START Source data

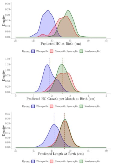 Posterior density plots for the predicted HC and length at birth, and predicted HC growth rate per month at birth for each child by phenotype group, are presented in Figure 5. Results illustrate the posterior density plots for the Zika-specific phenotype group are shifted downward for the HC and length at birth, and the HC growth per month at birth is smaller compared to the nonspecific dysmorphic and nondysmorphic groups.
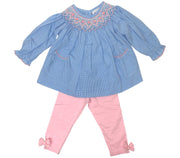 Girls Blue Gingham LS Smocked Tiny Flowers Bishop Legging Set
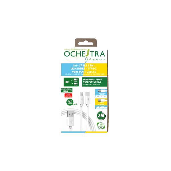 CABLE USB 2 EN 1 LIGHTNING + USB TYPE-C 2M 2400mA
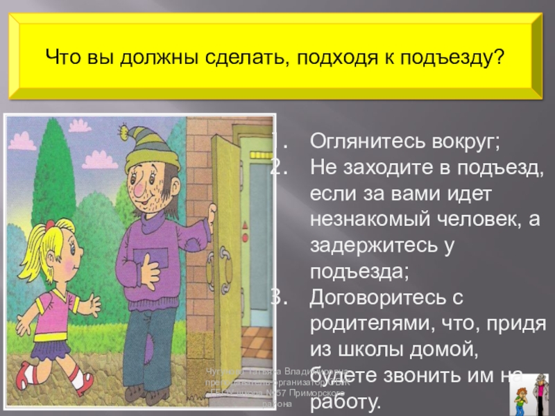 Не заходи в подъезд или лифт, если там находится посторонний человек
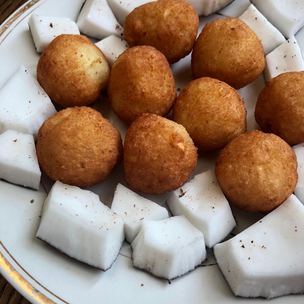 Heat oil. Cook the cassava's balls in the oil for a few minutes : they must be golden and the inside must be cooked.
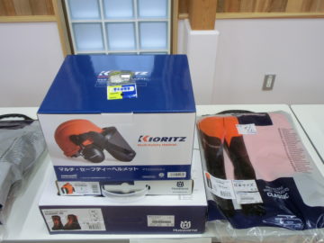 また、式の後半では、古賀校長から入校生に安全に気を付け、大きな事故なく無事に卒業することを祈念し、防護ジャケットをはじめとした安全防護服一式が授与されました。この防護ジャケットなどは、チェーンソー作業等の際にケガから体を守ってくれるものであり、入校生と1年間苦楽を共にするパートナーでもあります。
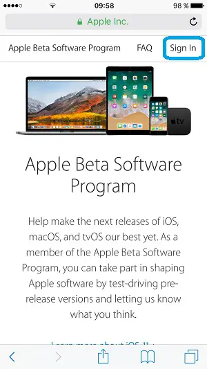 1. Grab your iOS device and open a new Safari tab, or tap on this link to sign-in to beta.apple.com and download the iOS 11 Configuration Profile.
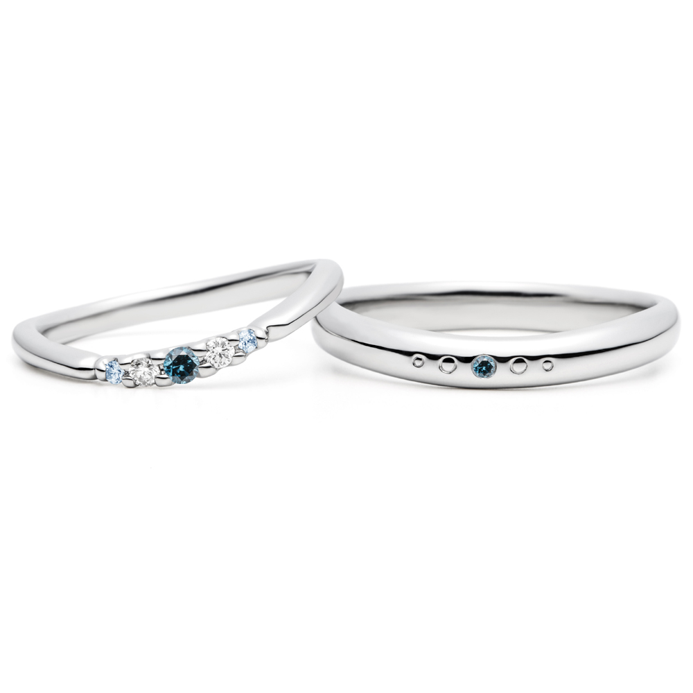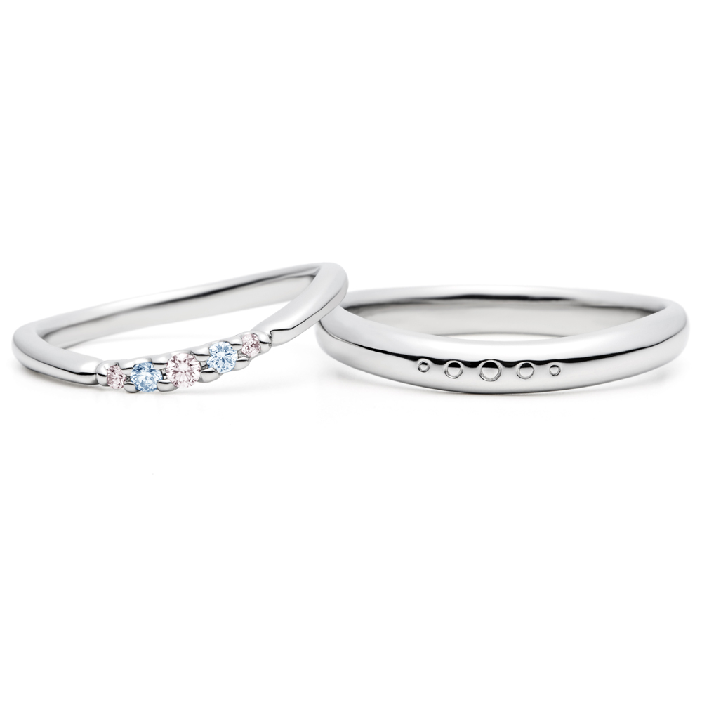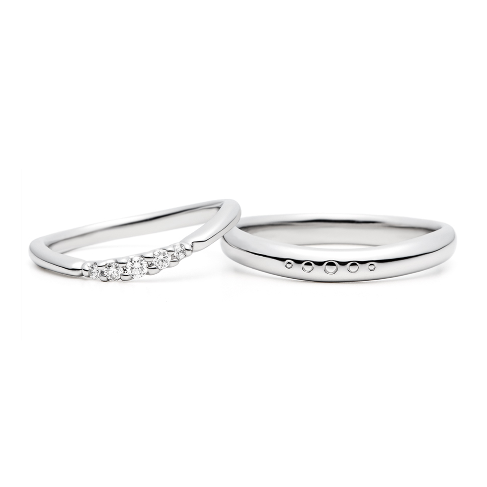 - 左:細身でU字のウェーブラインです。正面には婚約指輪と同様、5枚の花びらをイメージしたメレダイヤモンド(0.04ct×1, 0.02ct×2, 0.01ct×2)を爪留めにて大きさがグラデーションになるよう留めています。隣のメレダイヤモンドを同時に留める共有爪で留めることで、輝きの一体感をつくり、まとまって花を咲かせるジャスミンを表現しています。
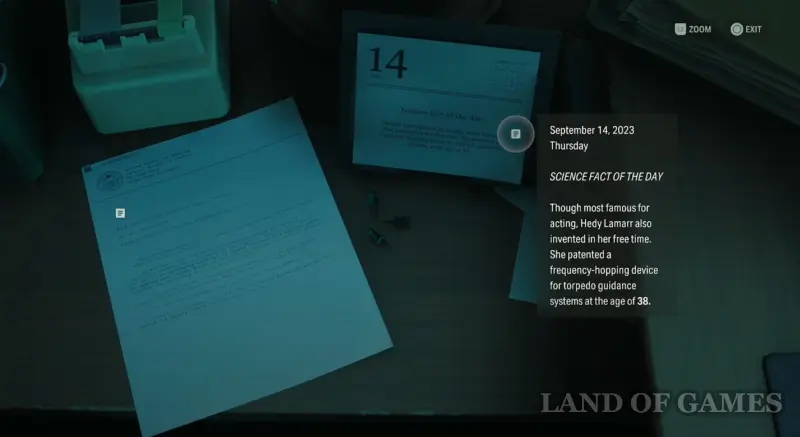 Вы столкнетесь с системой поиска и разгадывания паролей практически в самом начале дополнения. Все коды от компьютеров состоят из 6 цифр, а для их разгадывания зачастую нужно просто внимательно изучить окружение. Итак, первым делом взаимодействуйте с календарем на столе, стоящем слева от монитора, в котором указан возраст Хеди Ламарр – 38 лет (это последние две цифры пароля).
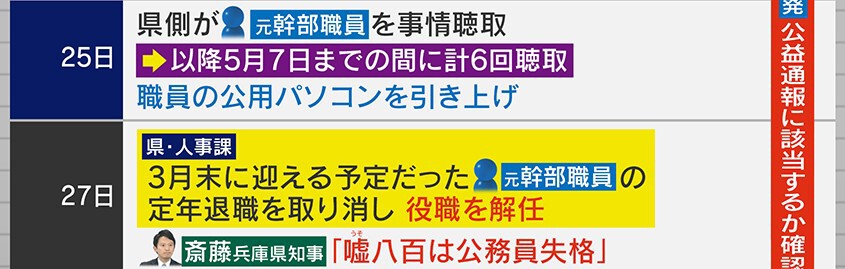 そして、25日には県側が元幹部職員を事情聴取し、以降5月7日までの間に計6回聴取が行われたといいます。また、25日に県は元幹部職員の公用パソコンを引き上げています。そして3月27日、県の人事課は3月末に迎える予定だった元幹部職員の定年退職を取り消し、役職を解任しています。同じ日に斎藤知事は「嘘八百は公務員失格」などと強い発言をしています。
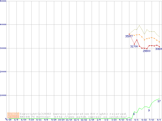 メモリ主要製品(最安値1万円以上)の最安値推移
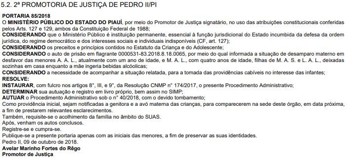 Como providência inicial, o promotor Avelar Marinho Fortes do Rêgo solicitou que sejam notificadas a genitora e a avó materna das crianças, para comparecerem na sede deste órgão, a fim de prestarem relevantes esclarecimentos.
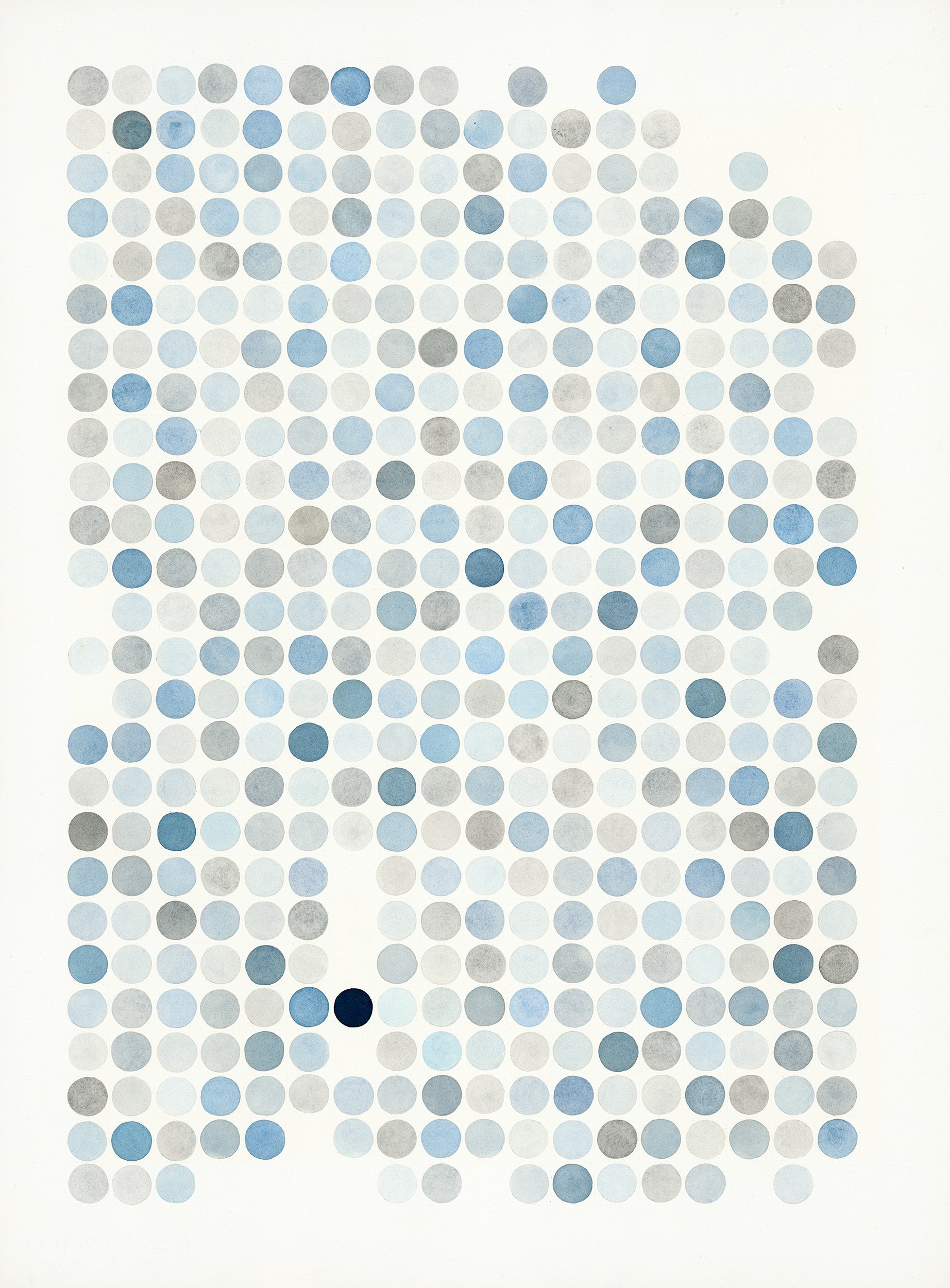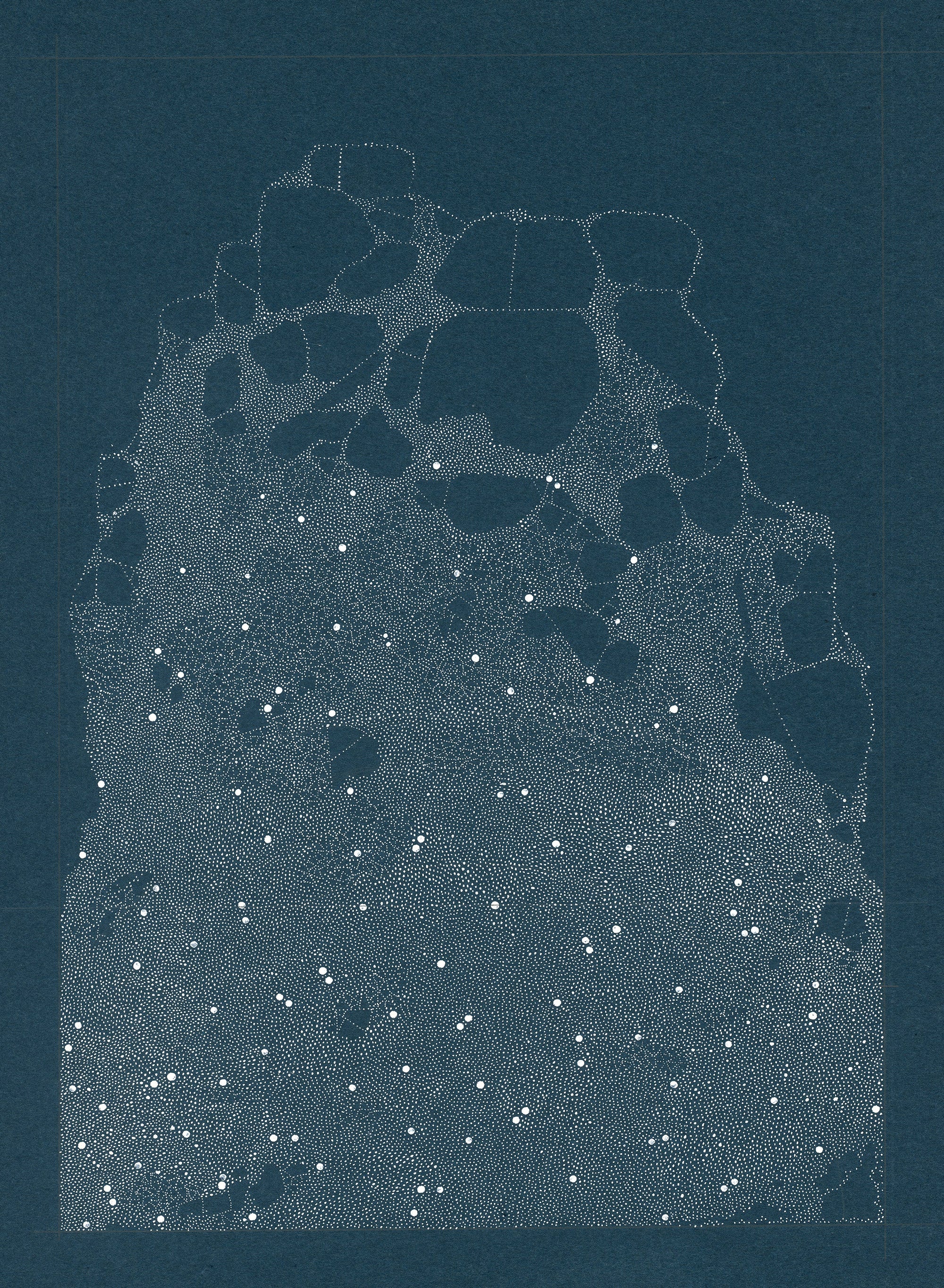 Kate is inspired to take complex visual data and reduce it to its more basic elements. She describes her inspiration as coming from everywhere and nowhere simultaneously. Ideas for new work may arise from cracks on sidewalks, screenshots taken from nature documentaries, or the new collections of fellow artists. Still, Kate finds a way to focus in, illuminate the subject, and transform it to fit her modus operandi.

END Source data

## Work item
Pictures aside, repeat exactly every line from the top of the listing above through the line bearing "また、式の後半では、古賀校長", inclusive.

## Answer area
 Posterior density plots for the predicted HC and length at birth, and predicted HC growth rate per month at birth for each child by phenotype group, are presented in Figure 5. Results illustrate the posterior density plots for the Zika-specific phenotype group are shifted downward for the HC and length at birth, and the HC growth per month at birth is smaller compared to the nonspecific dysmorphic and nondysmorphic groups.
 Girls Blue Gingham LS Smocked Tiny Flowers Bishop Legging Set
 CABLE USB 2 EN 1 LIGHTNING + USB TYPE-C 2M 2400mA
 Не заходи в подъезд или лифт, если там находится посторонний человек
 Heat oil. Cook the cassava's balls in the oil for a few minutes : they must be golden and the inside must be cooked.
 また、式の後半では、古賀校長から入校生に安全に気を付け、大きな事故なく無事に卒業することを祈念し、防護ジャケットをはじめとした安全防護服一式が授与されました。この防護ジャケットなどは、チェーンソー作業等の際にケガから体を守ってくれるものであり、入校生と1年間苦楽を共にするパートナーでもあります。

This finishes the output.